Saint Roch, the Anti-Plague Saint According to Tintoretto: An Alter Christus


Author
Paolo Costa
Synopsis

During 2020, the year characterized by the Covid-19 pandemic, many remembered the plagues humanity endured in the past. During an epidemic in which so many people die despite medical advances, "you no longer know which saint to turn to." This verbal expression from the Italian language indicates an ancient tradition in the church, that of the patron saints the faithful rely on and ask for help from various life situations.

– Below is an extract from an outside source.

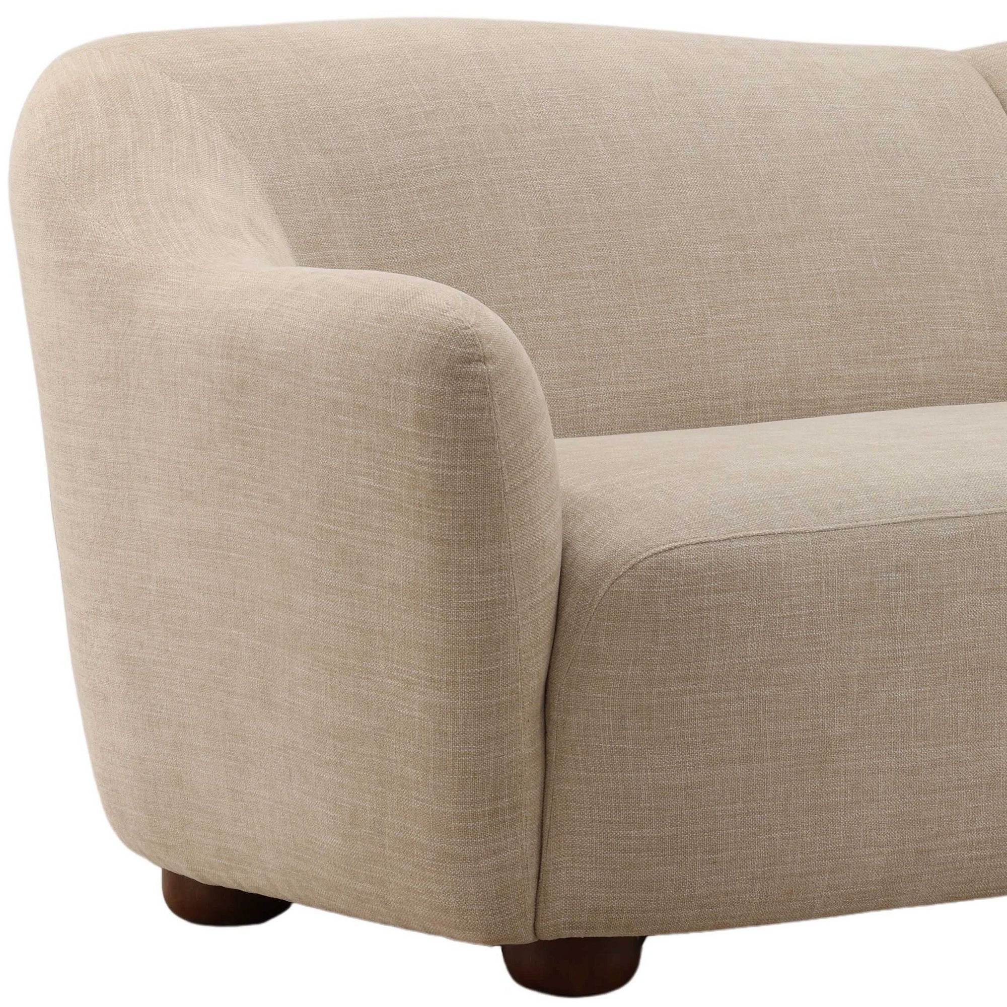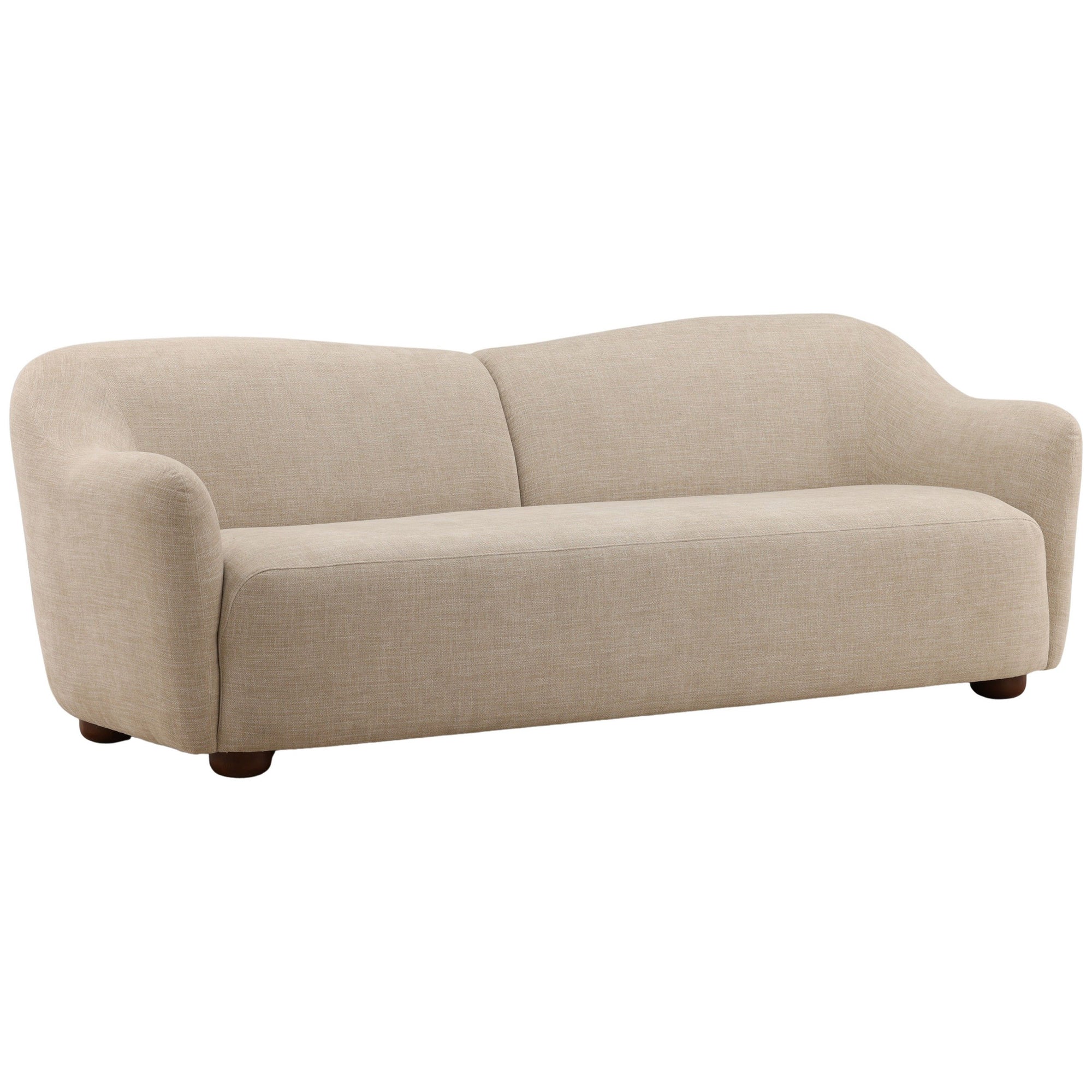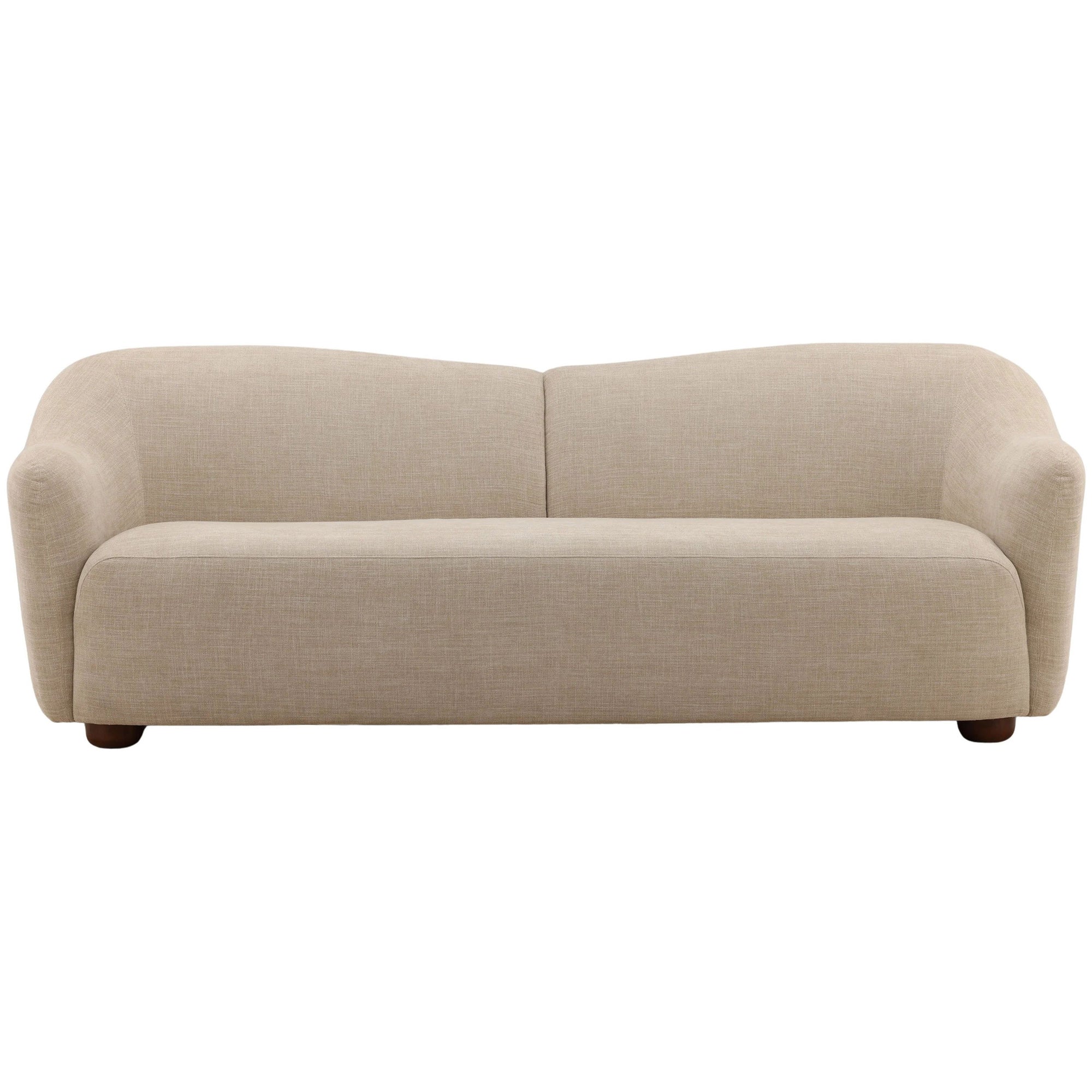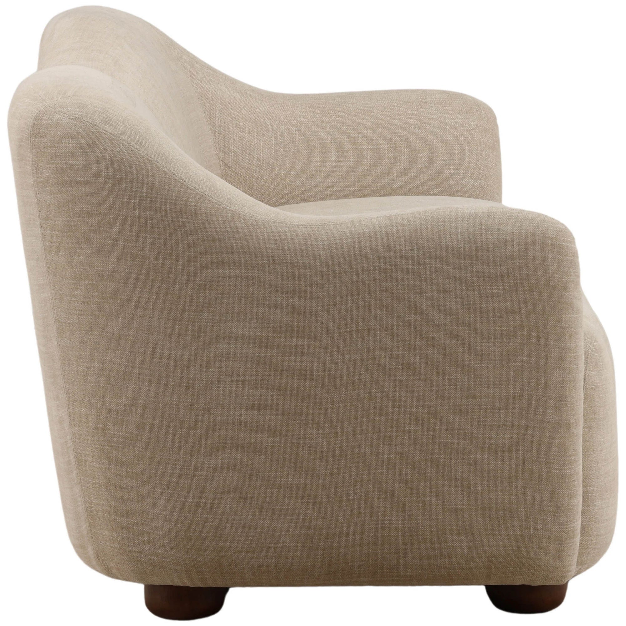 The Francesca Sofa blends mid-century charm with modern comfort. Upholstered in two-tone basketweave fabric, this sofa features a warm ochre hue complemented by a dark brown rubber wood base. Its plush cushions and clean lines create a timeless look that’s both inviting and sophisticated.

Among the various "anti-plague" saints, the most famous and most invoked is Saint Roch. He was a fourteenth century French man from Montpellier who left his father's house to become a pilgrim. He went to Rome and then to other Italian cities
where he healed plague patients simply with the sign of the cross. He himself then fell ill with the plague and miraculously was healed. Later he died in prison, not recognized by his own family members.

His body is now in Venice, Italy, preserved in a church totally dedicated to him, together with the adjacent building Scuola Grande di San Rocco. Both are decorated especially by Jacopo Robusti (1518/19-1594) better known as Tintoretto, a
painter of the Venetian school of the Mannerist period.

In Italy alone, there are at least three thousand churches dedicated to the saint. It is therefore easy to find him represented in many paintings, altarpieces, frescoes and statues. But how may one recognize him? This article introduces the figure of Saint Roch, his iconographic attributes (such as the dog with the bread, the bubo on the thigh, and the angel) and how he is represented in Venetian figurative art of the 1500s by the great artist Tintoretto.